Dataset records
--------

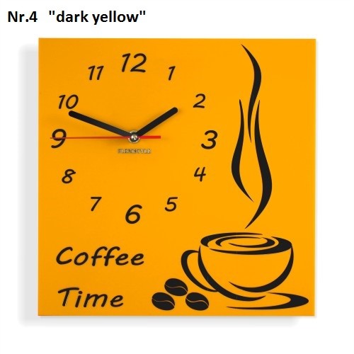 Coffee Time nástenné kuchynské hodiny tmavožltá
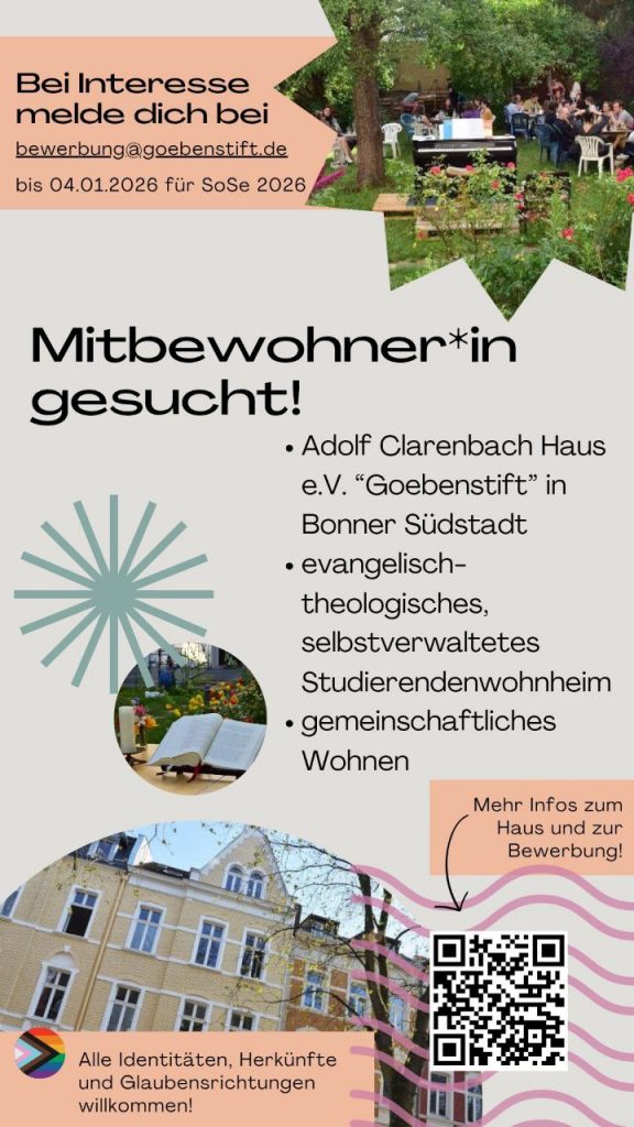 Obwohl das Adolf-Clarenbach-Haus ein evangelisch-theologisches Wohnheim ist, sind alle Studierenden anderer Fach- und Glaubensrichtungen bei uns herzlich willkommen! Auch wenn Du nicht in Bonn eingeschrieben bist, sondern z. B. in Köln oder im Rhein-Sieg-Kreis, kannst du dich gerne bei uns bewerben.
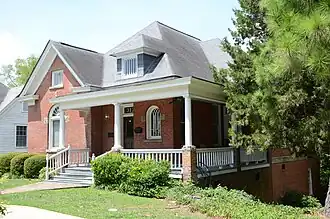 The Leiper-Scott House is a historic house at 312 South Pulaski Street in Little Rock, Arkansas. It is a single-story brick structure, with a hip roof adorned with gabled and hipped projections and dormers in an asymmetrical style typical of the Queen Anne period. A porch extends across part of the front around to the side, supported by Tuscan columns mounted on brick piers, with a balustrade between them. The house was built in 1902 for Eric Leiper, owner of a local brickyard, and is locally unusual as a relatively modestly-scaled house built in brick.[2]
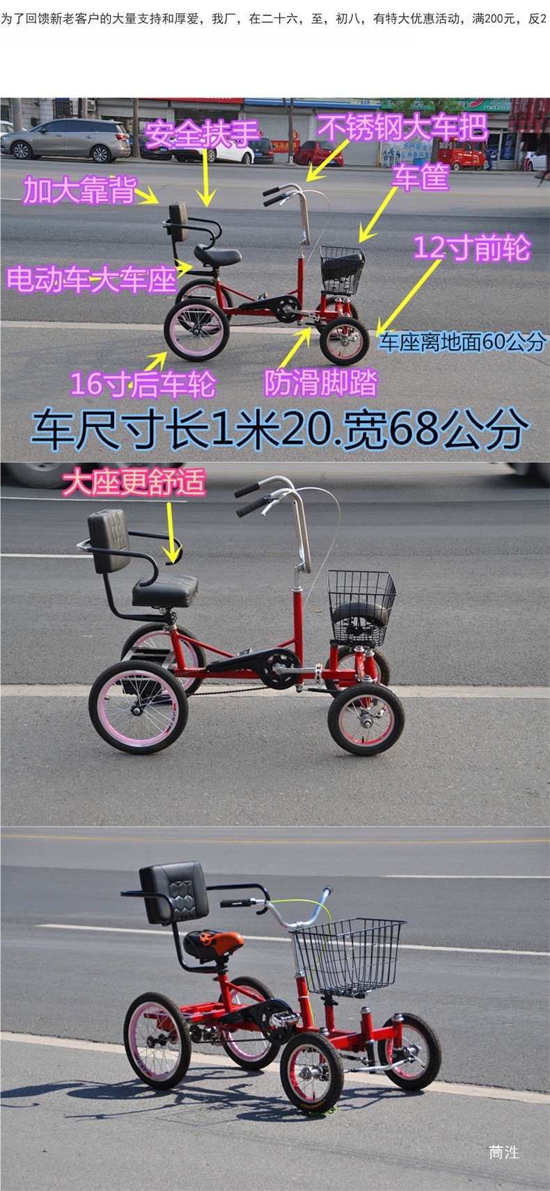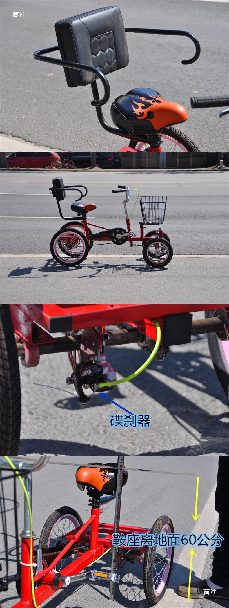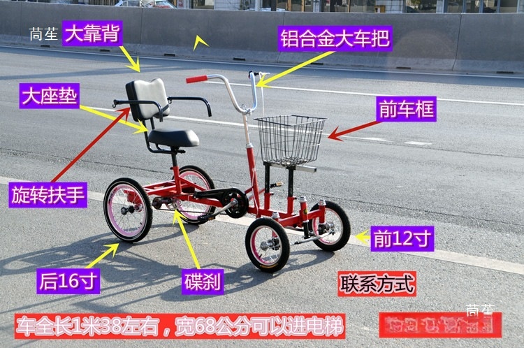 Трехколесные, четырехколесные, небольшие велосипеды с ручным приводом для людей среднего и пожилого возраста, реабилитационные четырехколесные скутеры, дисковые тормоза.
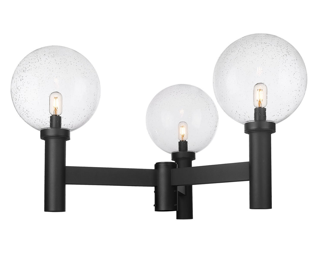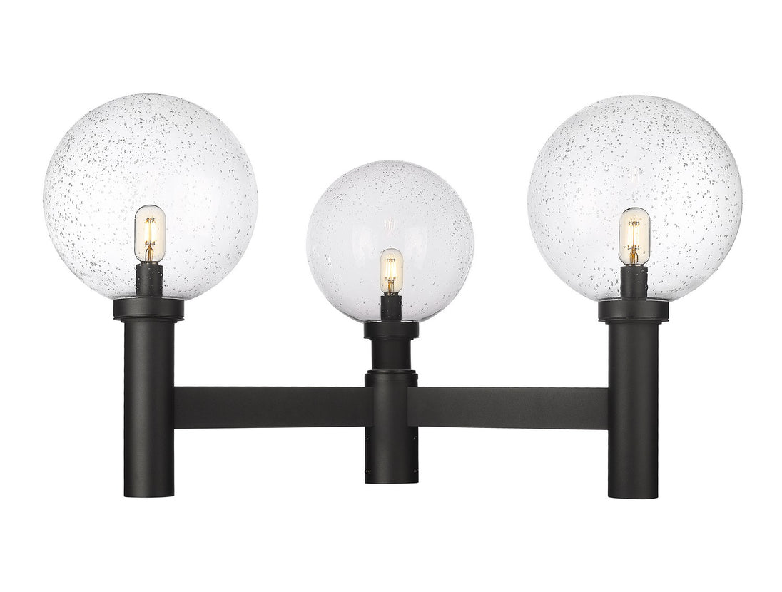 Simplicity plays it cool with a bit of linear style in a fixture perfect for a transitional exterior motif. From the Laurent collection, this three-light outdoor post mount fixture preserves a classic village aesthetic with extra whimsy. A black finish aluminum frame makes a stunning venue to host three delicate clear seedy glass globe shades, creating an artistic and festive look.

--------

## WHAT NEEDS TO BE DONE
Every line above should be reproduced exactly, please, with no pictures included.

## ANSWER TO THIS TASK
 Coffee Time nástenné kuchynské hodiny tmavožltá
 Obwohl das Adolf-Clarenbach-Haus ein evangelisch-theologisches Wohnheim ist, sind alle Studierenden anderer Fach- und Glaubensrichtungen bei uns herzlich willkommen! Auch wenn Du nicht in Bonn eingeschrieben bist, sondern z. B. in Köln oder im Rhein-Sieg-Kreis, kannst du dich gerne bei uns bewerben.
 The Leiper-Scott House is a historic house at 312 South Pulaski Street in Little Rock, Arkansas. It is a single-story brick structure, with a hip roof adorned with gabled and hipped projections and dormers in an asymmetrical style typical of the Queen Anne period. A porch extends across part of the front around to the side, supported by Tuscan columns mounted on brick piers, with a balustrade between them. The house was built in 1902 for Eric Leiper, owner of a local brickyard, and is locally unusual as a relatively modestly-scaled house built in brick.[2]
 Трехколесные, четырехколесные, небольшие велосипеды с ручным приводом для людей среднего и пожилого возраста, реабилитационные четырехколесные скутеры, дисковые тормоза.
 Simplicity plays it cool with a bit of linear style in a fixture perfect for a transitional exterior motif. From the Laurent collection, this three-light outdoor post mount fixture preserves a classic village aesthetic with extra whimsy. A black finish aluminum frame makes a stunning venue to host three delicate clear seedy glass globe shades, creating an artistic and festive look.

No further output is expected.